Empirical work backs it up. Moeller, Schlingemann, and Stulz (Moeller, Sara B., Frederik P. Schlingemann, and René M. Stulz. 2004. “Firm Size and the Gains from Acquisitions.” Journal of Financial Economics 73, no. 2 (August): 201–228.) examined thousands of acquisitions and found that acquiring firm shareholders, particularly in large deals during merger waves, experienced significant wealth destruction around announcements. In one widely cited study, they documented tens of billions of dollars in aggregate losses to acquiring shareholders in just a few years around the turn of the millennium. 🙋 Targets, on the other hand, captured the lion’s share of the gains. The premium accrues quickly. The pain for the acquirer is often slow and steady.

We have seen it in real life. AOL and Time Warner in 2000. A deal born at the peak of narrative velocity. Synergies were promised (they always are in M&A deals). The stock-for-stock currency felt limitless. We were literally overpaying with over-valued stock! What followed were massive write-downs and years of underperformance. Hewlett-Packard’s acquisition of Autonomy in 2011 is another cautionary tale. The premium was rich. The confidence was high. The impairment that followed was staggering. Even Quaker Oats buying Snapple in the 1990s serves as a reminder that a “strategic fit” does not immunize a bidder from overpaying when competitive pressure mounts.

This is the pattern. The target celebrates. The acquirer justifies. And shareholders of the winner cross their fingers. Now, let’s bring it back to today. If Warner ultimately folds into Paramount as a result of an escalating bidding contest, Warner shareholders may enjoy a short-term pop. Premium realized. Champagne poured. But if the underlying economics of the combined entity are stretched because Paramount had to sweeten the pot with a higher price, debt backstops, ticking fees, break-up reimbursements, and other forms of what I politely call financial voodoo, that short-term gain can evaporate inside the capital structure of the new entity.

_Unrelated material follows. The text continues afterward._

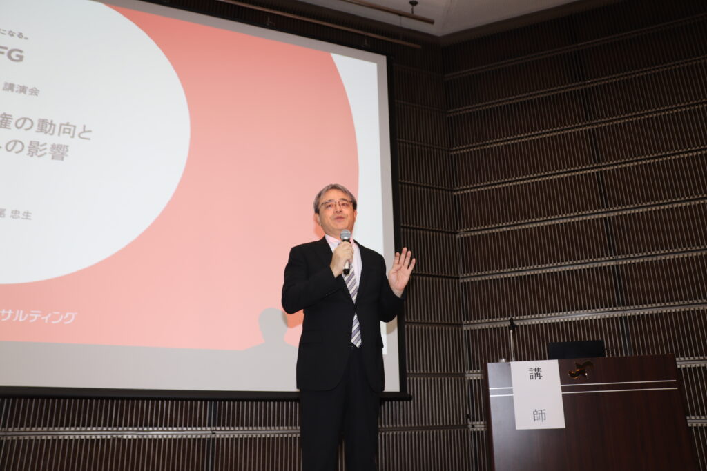 講演会では、「トランプ関税の影響」、「米国経済の動向」、「日本経済への影響」、「トランプ政権の動向」の4つの論点に注目し、米国トランプ政権の関税政策の目的やその個人消費・雇用への影響、日米間の貿易関係やトランプ政権の外交政策について等、多角的な分析に基づき、細尾氏にご解説いただきました。

Hot speculative capital has a way of making numbers “work” in the pitch book, and there is plenty of hot capital out there these days. Aggressive synergy assumptions. Optimistic cost savings. Revenue cross-pollination that looks gorgeous in Excel but has a limited shelf life in the real world. If the bid is emotionally driven, those assumptions are rarely conservative–trust me. 😉

And Netflix is not immune. If Netflix responds by upping the ante simply to avoid losing, it risks the same disease I almost caught in that legal office 25 years ago. The desire to win can overpower the discipline to walk away. That is how good companies do questionable deals. Not because they are foolish. Because they are human.

This is not about whether media consolidation makes strategic sense. It might. This is about price. In auctions, price is where the emotion hides. Every incremental dollar above intrinsic value transfers wealth from the acquirer’s shareholders to the seller. That is not cynical. It is arithmetic.

I can still see that conference room. I can still feel the temptation to add a few more dollars to the offer just to secure the prize. If I had done that, perhaps we would have “won.” But we would have owned an asset at a price that made the economics brittle. One macro hiccup. One integration stumble. One revenue miss. And the entire thesis would have cracked.

That is what concerns me here. This is unlikely to end well for shareholders of the eventual winner. History suggests that in competitive bidding environments, the target captures the upside and the acquirer absorbs the regret. If Warner shareholders end up holding shares in a newly combined Paramount born of emotional escalation, the initial sugar high may fade into the sober reality of leverage, integration risk, and synergy shortfalls.

Blinded by emotions? I have been there. The difference between a good deal and a bad one is often not strategy. It is restraint. And in bidding wars, restraint is usually the first casualty.

FRIDAY’S MARKETS

Stocks had a mixed close on Friday as investors turned optimistic about Fed policy in response to cooler than expected inflation numbers. Tech continues to feel pressure as investors rush out of overpriced tech stocks into overpriced value stocks. Gold and Bitcoin caught a bid after earlier-in-the-week pressure.